AR# 1485: Foundation XVHDL: Using RAM and ROM in XC4000 devices
AR# 1485
Foundation XVHDL: Using RAM and ROM in XC4000 devices
Description
The XC4000 family has the capability to implement on-chip RAM and ROM efficiently using CLB function generators.
Using RAM There are 2 ways to implement RAM using Foundation VHDL.
1. Use Memory Generator or Logiblox to generate a netlist for the memory, and then instantiate the netlist. 2. Instantiate 16x1 and 32x1 RAM primitives.

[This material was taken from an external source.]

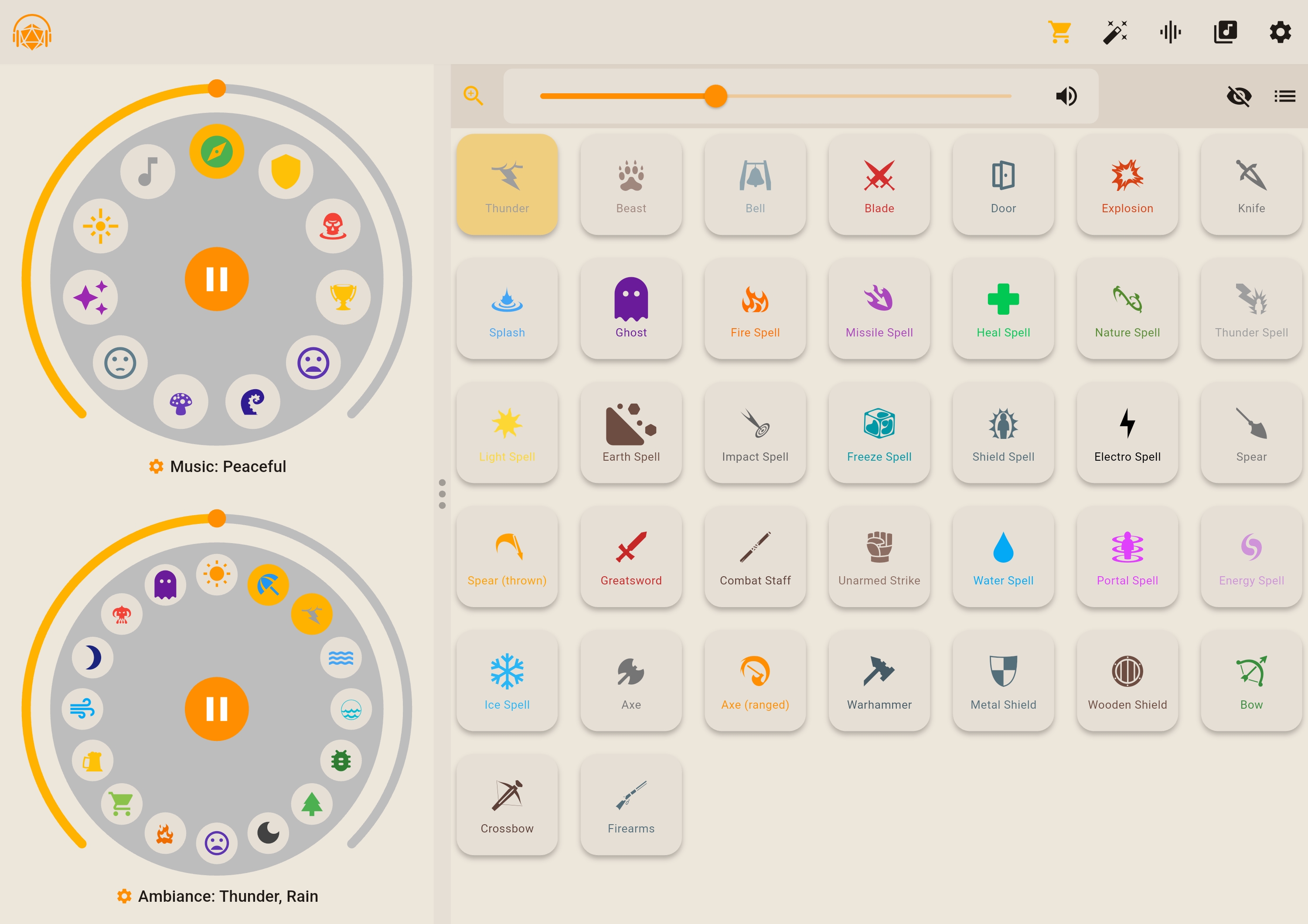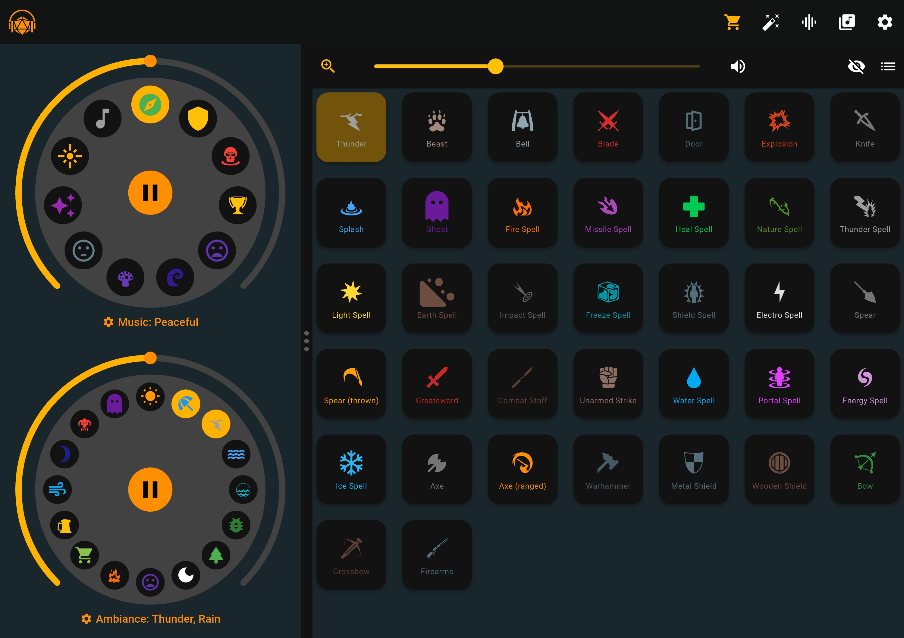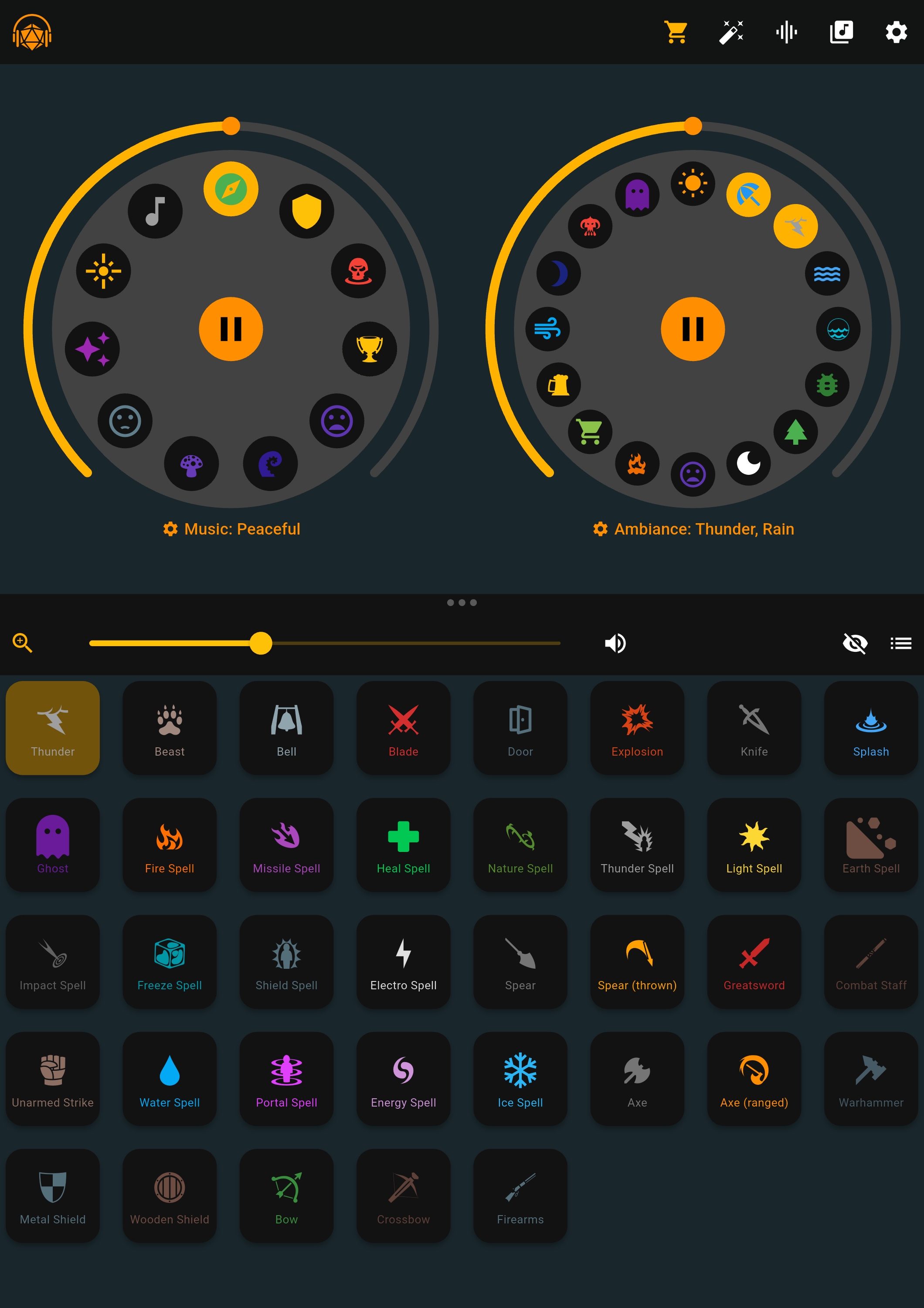 The previous layout showed the Anvil wheels (Music & Ambiance) and required using bottom navigation to reach Echoes (one‑shot sounds). On bigger screens, like iPads, external displays, tablets and desktop, Unified View places both in a split view with a draggable handle so you can keep everything visible at once.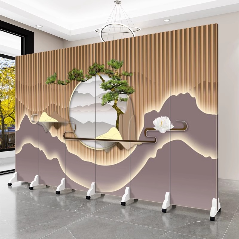 屏风隔断客厅入户正对门玄关卧室遮挡移动折叠墙办公室仿古山水画

*Note: Do NOT describe RAM behaviorally in VHDL, as this results in combinatorial loops.
Using ROM There are 3 ways to implement ROM using Foundation VHDL.
1. Use the Memory Generator or Logiblox to generate a netlist for the memory, and then instantiate the netlist. 2. Instantiate ROM primitives. 3. Describe ROM behaviorally.
**Please note that the solutions vary slightly depending on whether the XACTStep6 or XACTStep M1 (F1.3/F1.4) software is being used.
解决方案
1
XACTStep M1 - Using ROM -----------------------
1.) Use Logiblox to create the ROM, and then instantiate the resulting netlist. For more information on this procedure, refer to (Xilinx Solution 2595).
2.) Describe the ROM behaviorally, as described in Resolution #1.
2
XACTStep6 - Using ROM --------------------- 1. Use Memory Generator to generate an XNF file for the memory, and then instantiate the XNF file.
Option 1 follows the same procedure as described for RAM in the resolution titled "Using RAM".
When using ROM, be sure that there is a .MEM file in your project directory describing the contents of the ROM. More detail on the format of the .MEM file can be found in the 'MEMGEN' chapter of the Xilinx Development Systems Reference Guide, Vol. 1.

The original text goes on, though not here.